Nach der Versuchsdauer von vier Wochen hatten die Teilnehmer der ersten Gruppe im kleinen Finger einen Kraftzuwachs von dreißig Prozent. Gruppe zwei, die ausschließlich visualisierte, hatte einen Kraftzuwachs von zweiundzwanzig Prozent. Gruppe drei, die gar nichts von beidem machte, hatte einen Kraftzuwachs von null Prozent.

Das Ergebnis ist umso erstaunlicher, wenn man sich vor Augen hält, dass Gruppe zwei im wahrsten Sinne des Wortes nicht einen Finger krumm gemacht hat. Und die Bedeutung des Experiments ist klar: Das Gehirn kennt nicht den Unterschied zwischen dem, was wir uns nur in Gedanken ausmalen, und dem, was wir tatsächlich körperlich ausführen.

Es gibt eine gute und eine schlechte Nachricht. Die gute: Jeder von uns beherrscht die Strategie der Visualisierung nahezu perfekt. Die schlechte Nachricht: Die meisten setzen sie ausschließlich zu ihrem Nachteil ein. Wie oft hast du dir vor wichtigen Situationen oder Herausforderungen schon mal vorgestellt, was alles schieflaufen kann?

Es wird gedanklich das absolute Worst-Case-Szenario durchgespielt und man schaut sich selbst beim Scheitern zu, ähnlich wie zu Beginn des Kapitels auf dem Schwebebalken stehend.

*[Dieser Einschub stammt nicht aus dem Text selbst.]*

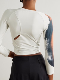 + Y-3 cropped cutout appliquéd printed recycled stretch-jersey tennis top White
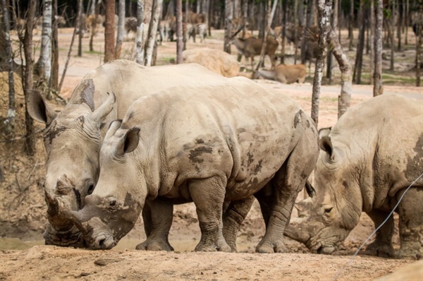 Mới sáng tinh mơ, những chú tê giác quý hiếm với thân hình đồ sộ nhuốm bùn tươi đã chạy huỳnh huỵch gây huyên náo một góc khuôn viên bán hoang dã của Vinpearl Safari. Nghịch ngợm nhất là 7 anh em tê giác con mới được sinh ra tại Vinpearl Safari trong hơn 2 năm qua. Đây cũng là kỷ lục hiếm có của loài tê giác tại bất cứ vườn thú nào trên thế giới.
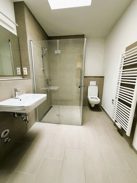 Die Ausstattung der Wohnungen lässt keine Wünsche offen: Eichenparkettboden mit Fußbodenheizung, dreifachverglaste Schallschutzfenster, hochwertige und vollständig ausgestattete Einbauküchen mit Markengeräten, Malervlies als Wandverkleidung, modern geflieste Bäder mit Markenarmaturen, Gegensprechanlage mit Videofunktion, Breitbandkabelanschluss in allen Räumen und viele Annehmlichkeiten mehr. Die meisten Wohnungen verfügen über einen Außenbereich in Form einer Terrasse, eines Balkons oder einer Dachterrasse. Jedes Haus verfügt über eine moderne Aufzugsanlage, über welche Sie bequem Ihre gewünschte Etage erreichen können. Ein Hausmeisterservice kümmert sich liebevoll um die Pflege und Instandhaltung des Objektes und der Außenanlagen.

Und dann wundern wir uns, dass es auch genauso kommt. Bestätigung finden wir in der Aussage: » Ich habe es ja gewusst.«

Negative Denkmuster, allen voran Worst-Case-Szenarien, sind tödlich – ganz besonders vor dem Regelbruch. Wer sich hier gedanklich nur mit dem Scheitern auseinandersetzt, hat bereits entschieden, mit dem Regelbruch zu scheitern. Wer sich allerdings auf den erfolgreichen Regelbruch konzentriert und die positiven Veränderungen, die aus diesem resultieren, visualisiert, der erhöht die Wahrscheinlichkeit des erfolgreichen Regelbruchs um ein Vielfaches. Ein erfolgreicher Regelbruch bedarf erfolgreicher Gedanken.